How to complete this task: After locating the line that contains "في مثل هذا النموذج" in the data below, set down exactly that line and each one after it through the line that contains "U petak je našim", and nothing more.

##### Records for the exercise

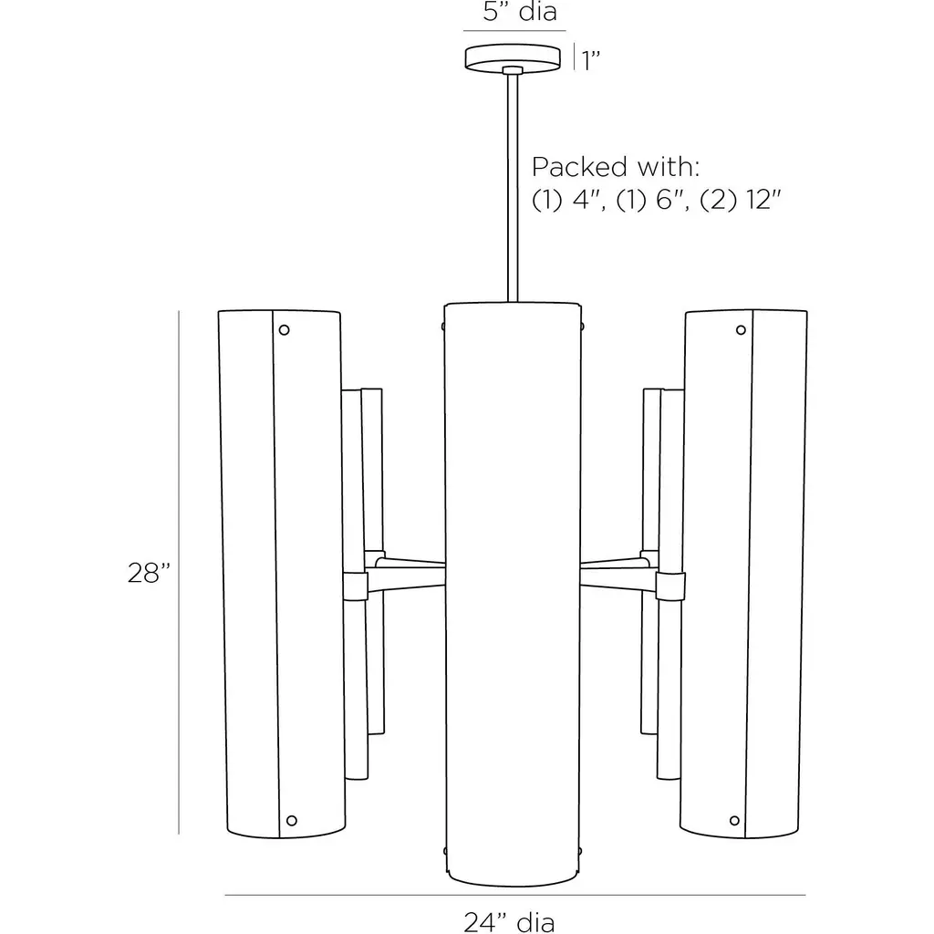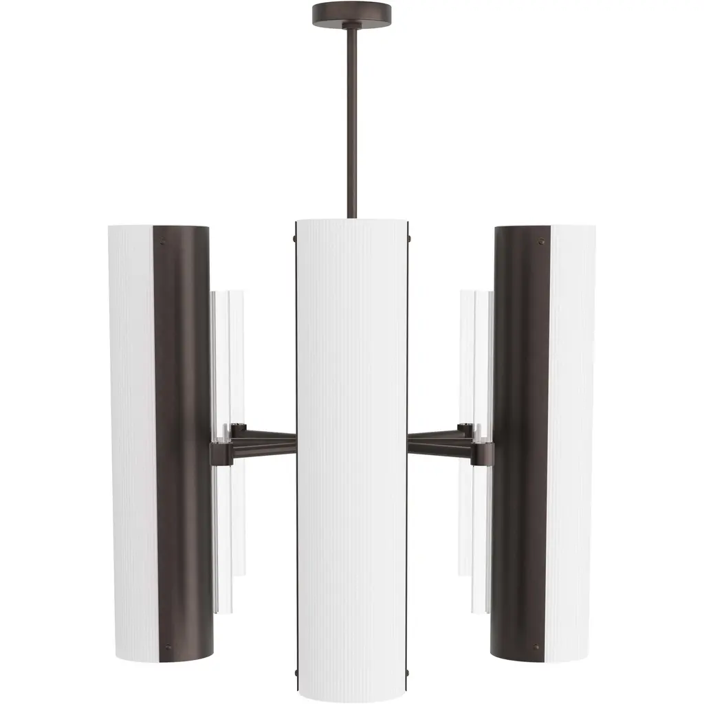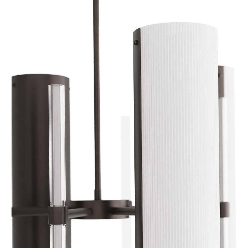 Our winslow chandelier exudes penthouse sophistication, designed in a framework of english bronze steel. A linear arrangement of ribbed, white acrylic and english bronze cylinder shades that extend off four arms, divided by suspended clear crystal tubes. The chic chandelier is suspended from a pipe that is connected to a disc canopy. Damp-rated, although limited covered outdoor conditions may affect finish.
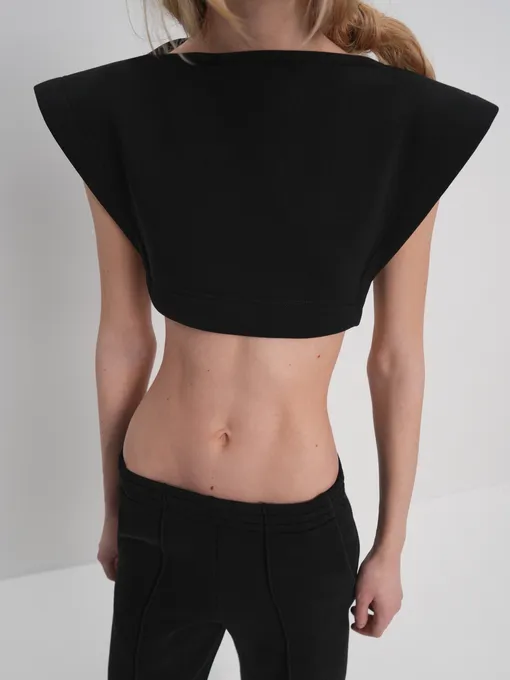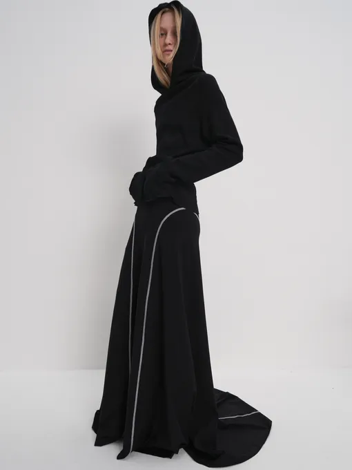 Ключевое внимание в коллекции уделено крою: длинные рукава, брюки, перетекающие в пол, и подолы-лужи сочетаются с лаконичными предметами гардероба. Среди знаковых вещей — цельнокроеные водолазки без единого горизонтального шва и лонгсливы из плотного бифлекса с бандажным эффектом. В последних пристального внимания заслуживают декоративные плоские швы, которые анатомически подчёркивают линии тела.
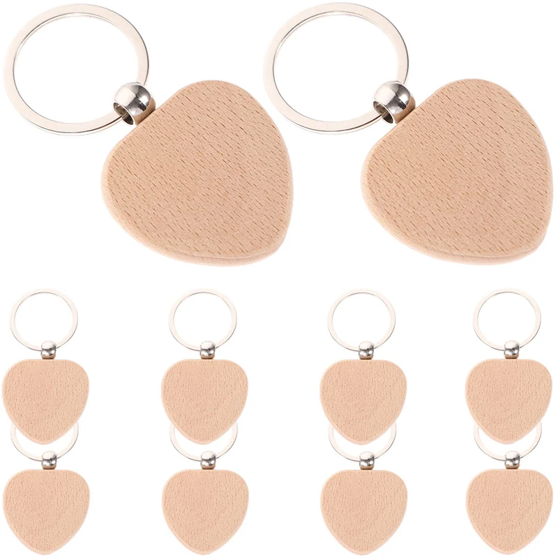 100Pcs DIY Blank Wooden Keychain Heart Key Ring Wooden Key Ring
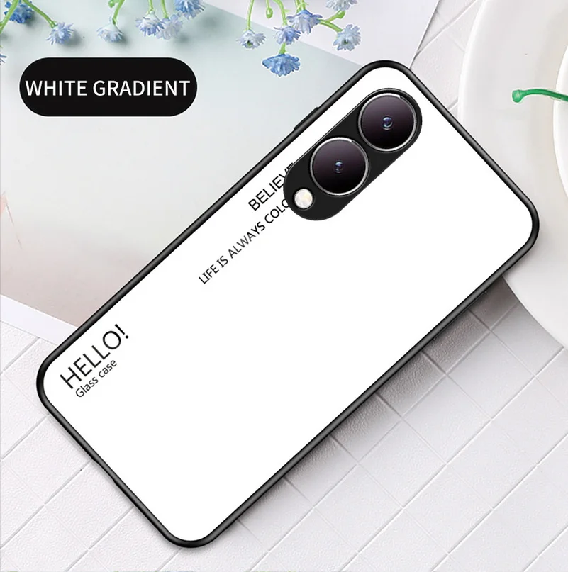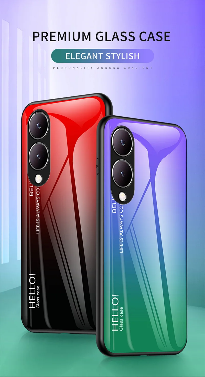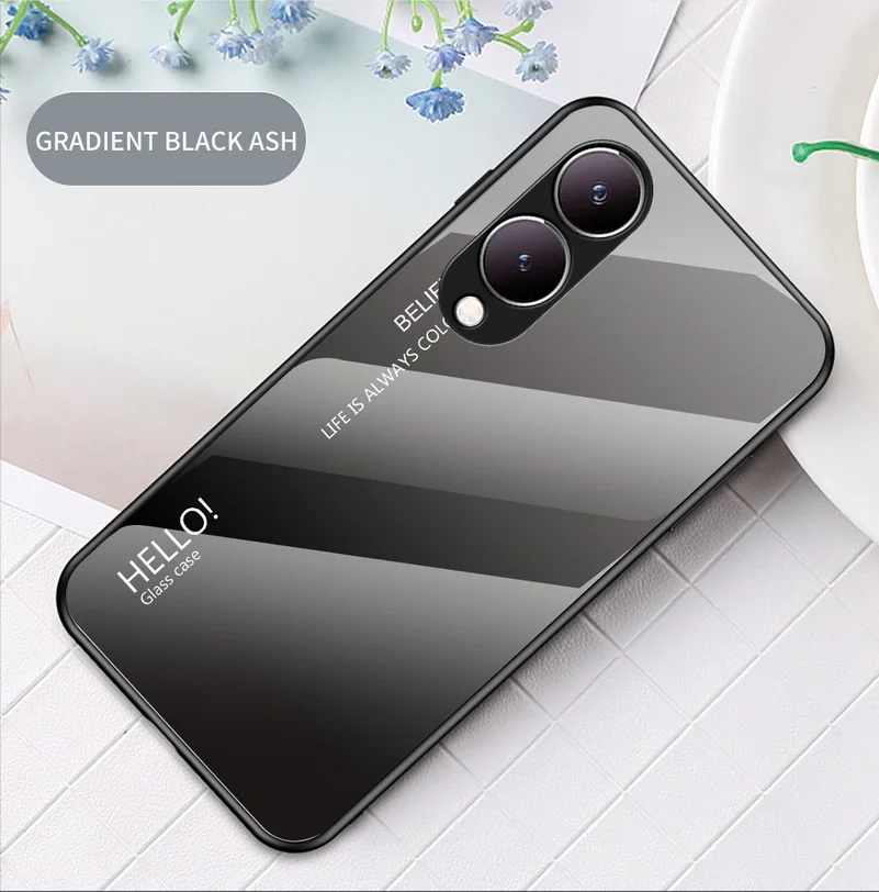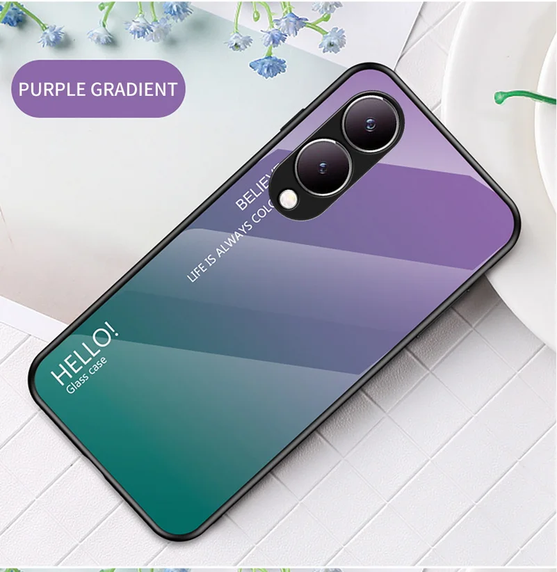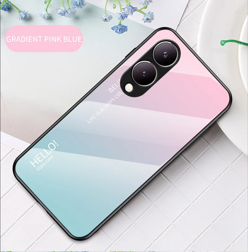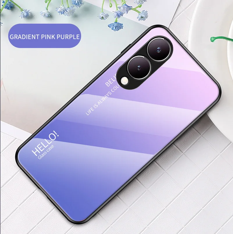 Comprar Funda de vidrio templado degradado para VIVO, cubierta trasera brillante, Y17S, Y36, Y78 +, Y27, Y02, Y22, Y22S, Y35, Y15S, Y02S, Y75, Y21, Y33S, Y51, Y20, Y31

##########
##### Records for the exercise

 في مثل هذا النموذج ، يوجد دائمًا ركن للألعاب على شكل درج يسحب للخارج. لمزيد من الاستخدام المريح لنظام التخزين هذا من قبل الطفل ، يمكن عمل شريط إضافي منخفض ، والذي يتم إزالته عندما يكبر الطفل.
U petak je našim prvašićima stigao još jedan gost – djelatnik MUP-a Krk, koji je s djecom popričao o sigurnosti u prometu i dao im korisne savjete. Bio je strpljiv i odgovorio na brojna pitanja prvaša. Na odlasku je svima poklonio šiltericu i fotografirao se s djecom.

##########

Exercise response:
 في مثل هذا النموذج ، يوجد دائمًا ركن للألعاب على شكل درج يسحب للخارج. لمزيد من الاستخدام المريح لنظام التخزين هذا من قبل الطفل ، يمكن عمل شريط إضافي منخفض ، والذي يتم إزالته عندما يكبر الطفل.
U petak je našim prvašićima stigao još jedan gost – djelatnik MUP-a Krk, koji je s djecom popričao o sigurnosti u prometu i dao im korisne savjete. Bio je strpljiv i odgovorio na brojna pitanja prvaša. Na odlasku je svima poklonio šiltericu i fotografirao se s djecom.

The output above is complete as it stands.